[What is required]
Output the data below only from the line containing "Bồn tắm xây" up to and including the line containing "Nos ambassadrices Geneviève", exact and with the pictures left out.

[Records provided]

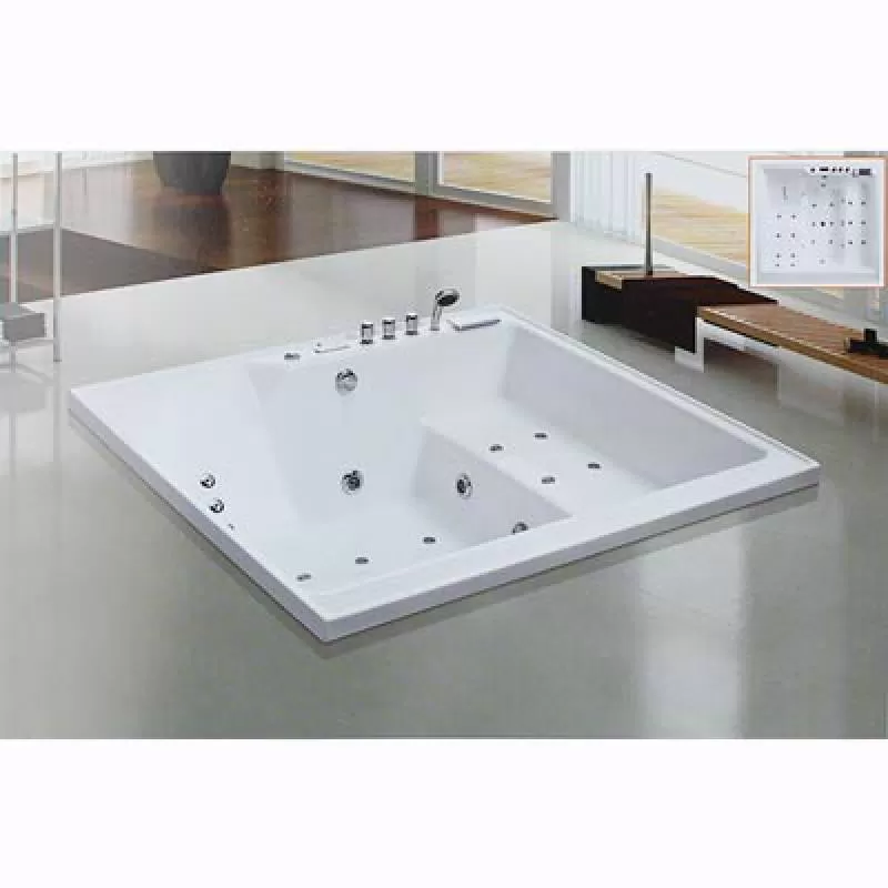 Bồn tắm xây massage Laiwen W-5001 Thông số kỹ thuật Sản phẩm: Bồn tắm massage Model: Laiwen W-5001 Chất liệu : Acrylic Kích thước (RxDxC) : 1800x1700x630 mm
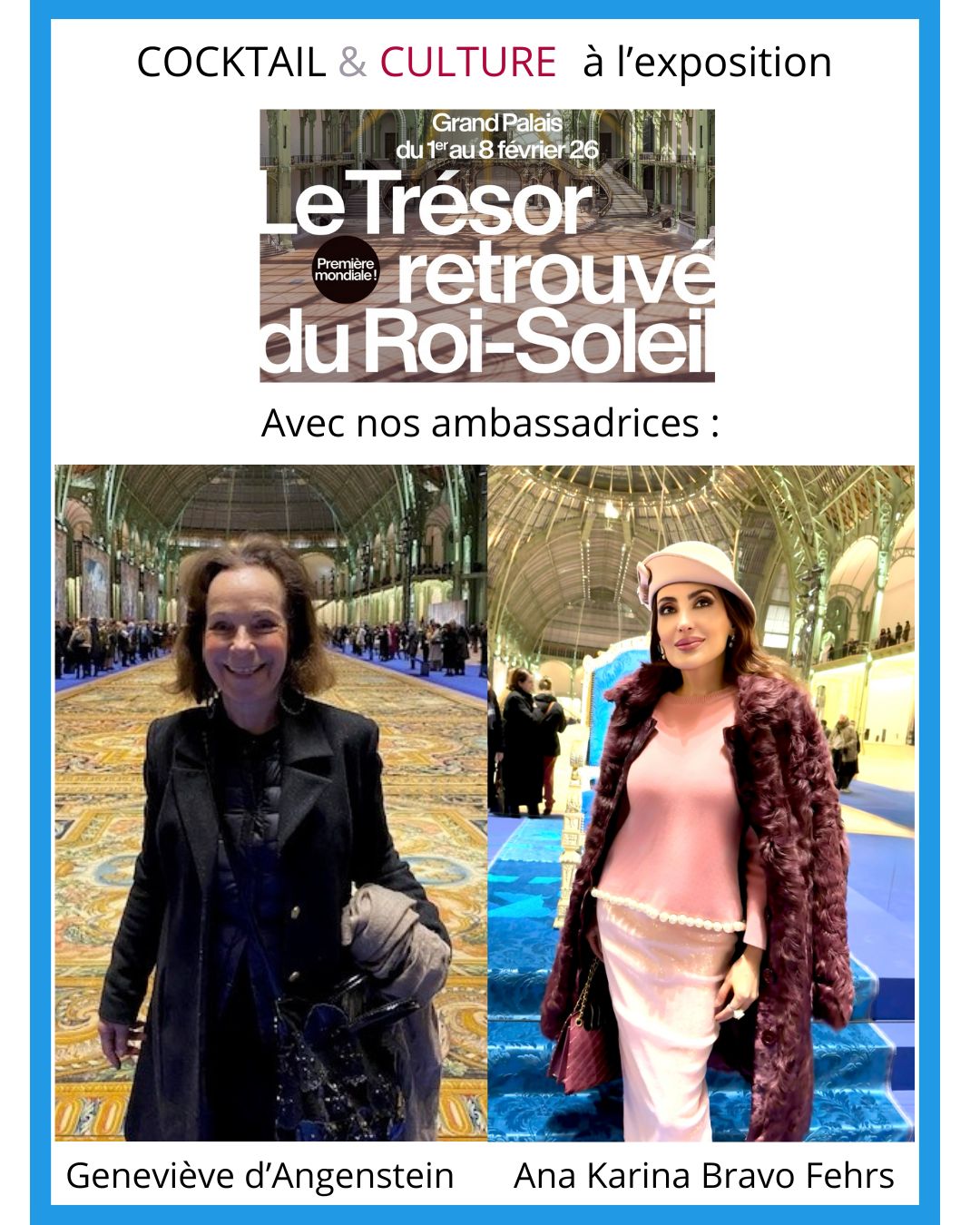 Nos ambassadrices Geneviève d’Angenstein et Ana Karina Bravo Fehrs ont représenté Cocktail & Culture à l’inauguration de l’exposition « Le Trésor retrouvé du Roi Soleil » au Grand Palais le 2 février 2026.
* * *
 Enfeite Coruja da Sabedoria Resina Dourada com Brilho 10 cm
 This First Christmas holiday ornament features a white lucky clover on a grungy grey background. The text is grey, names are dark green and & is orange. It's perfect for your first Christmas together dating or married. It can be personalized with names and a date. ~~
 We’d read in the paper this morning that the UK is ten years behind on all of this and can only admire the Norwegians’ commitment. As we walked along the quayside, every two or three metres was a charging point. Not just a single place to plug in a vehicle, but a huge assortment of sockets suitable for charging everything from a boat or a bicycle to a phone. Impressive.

[Solution for this exercise]
 Bồn tắm xây massage Laiwen W-5001 Thông số kỹ thuật Sản phẩm: Bồn tắm massage Model: Laiwen W-5001 Chất liệu : Acrylic Kích thước (RxDxC) : 1800x1700x630 mm
 Nos ambassadrices Geneviève d’Angenstein et Ana Karina Bravo Fehrs ont représenté Cocktail & Culture à l’inauguration de l’exposition « Le Trésor retrouvé du Roi Soleil » au Grand Palais le 2 février 2026.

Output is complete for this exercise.